### DATASET SECTION
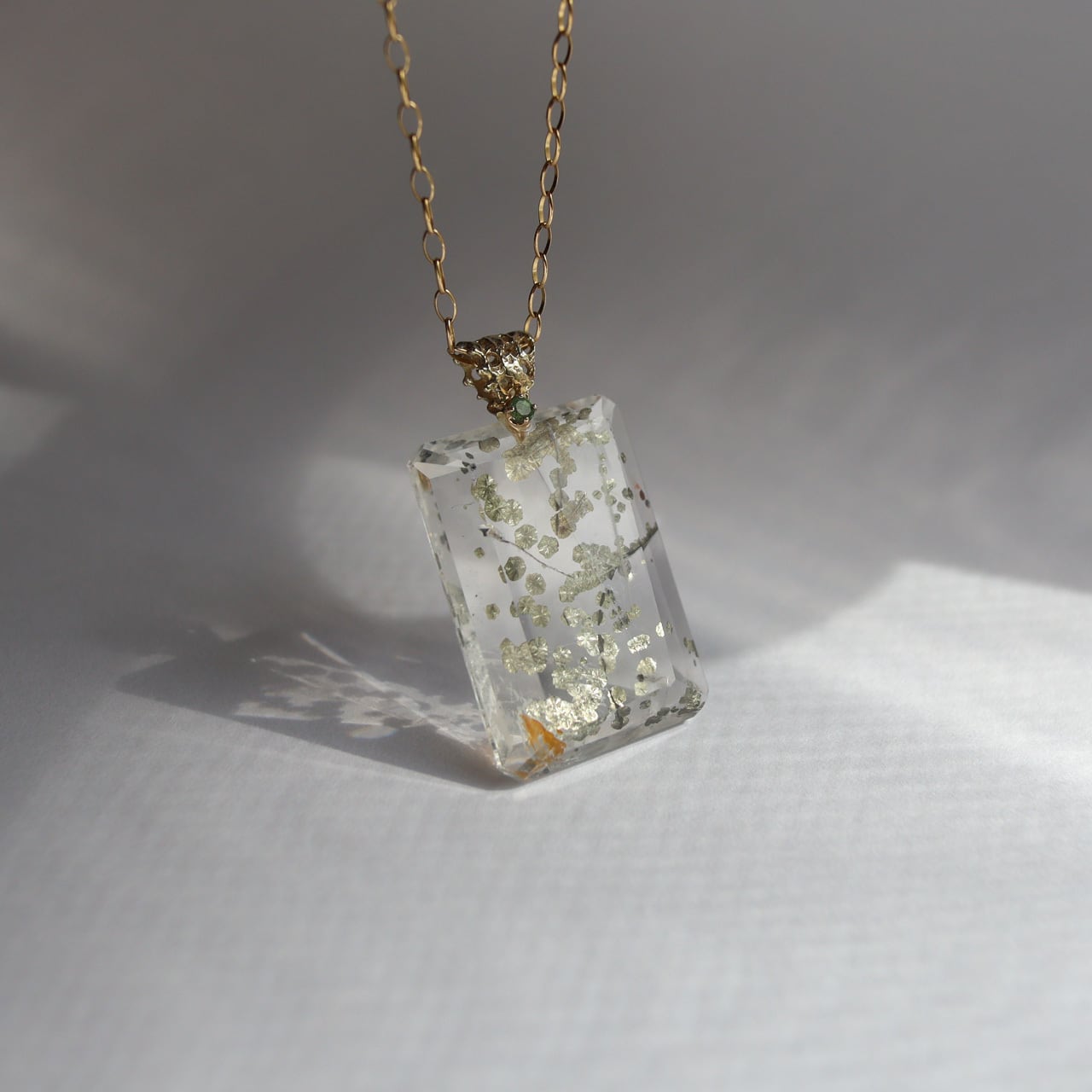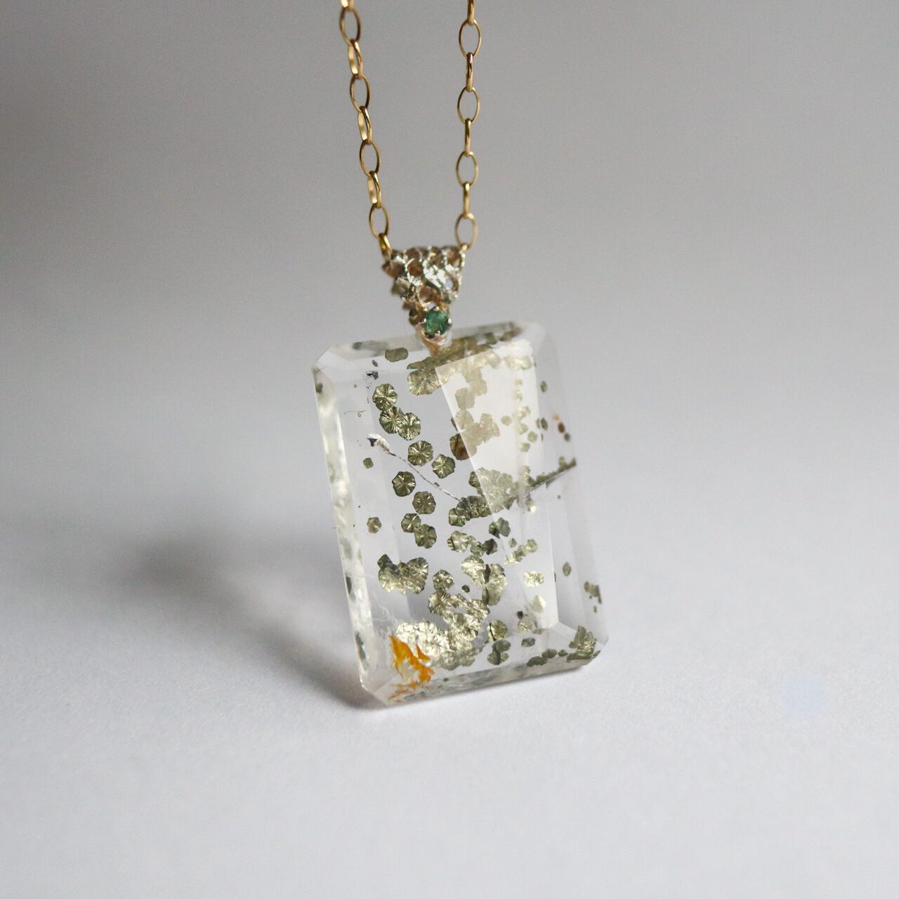 風景画をイメージする美しい内包物のパイライトインクォーツに
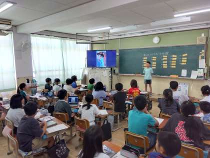 読書好きの5年生、たくさん読んでいる本の中で、自分が紹介したい本のよさや面白さをクラスのみんなに伝えるビブリオバトルをしました。みんなに向けて質問をしたり、意見を求めたりとそれぞれが工夫して発表して、やり取りを楽しみました。ここでも「会話のキャッチボール」が生かされていましたね。
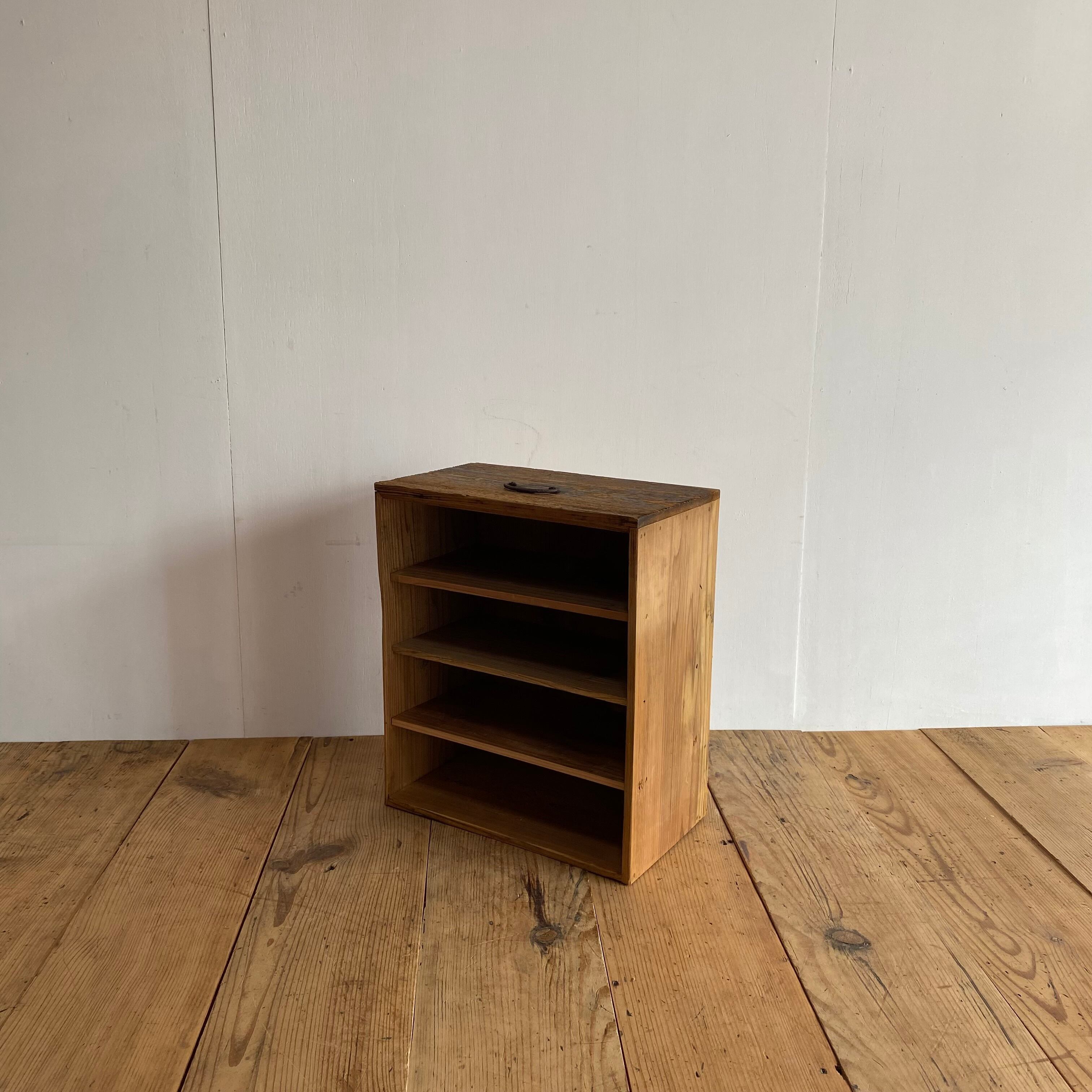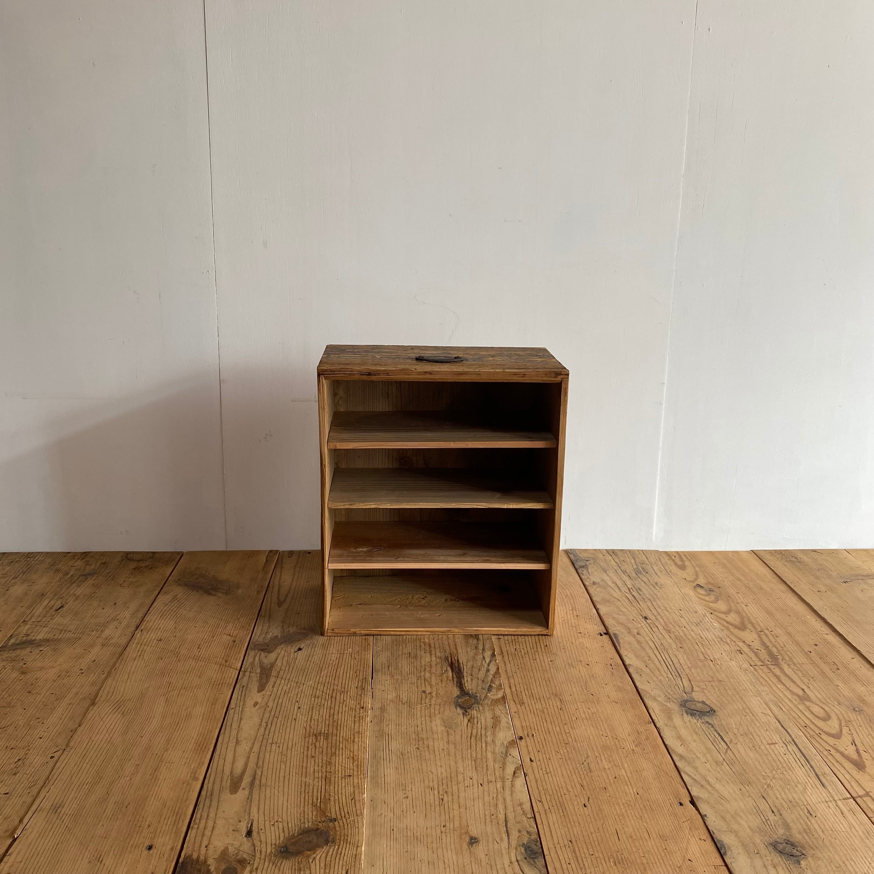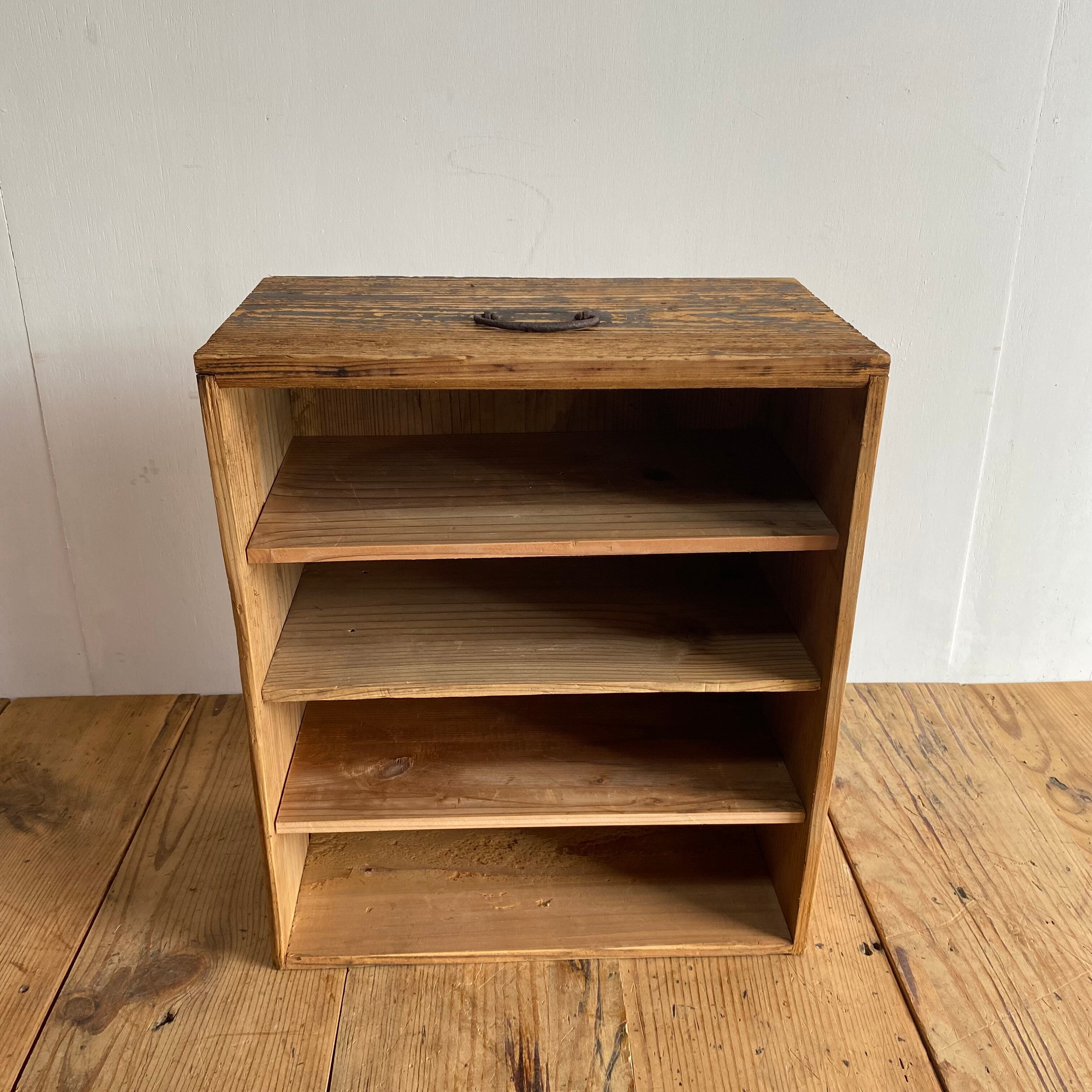 アンティーク 木材棚 取っ手付き 無垢材 無塗装 食器棚 小物入れ z869 送料無料

### THE PROBLEM
Every line above should be copied exactly, apart from any pictures.

### PROBLEM SOLUTION
 風景画をイメージする美しい内包物のパイライトインクォーツに
 読書好きの5年生、たくさん読んでいる本の中で、自分が紹介したい本のよさや面白さをクラスのみんなに伝えるビブリオバトルをしました。みんなに向けて質問をしたり、意見を求めたりとそれぞれが工夫して発表して、やり取りを楽しみました。ここでも「会話のキャッチボール」が生かされていましたね。
 アンティーク 木材棚 取っ手付き 無垢材 無塗装 食器棚 小物入れ z869 送料無料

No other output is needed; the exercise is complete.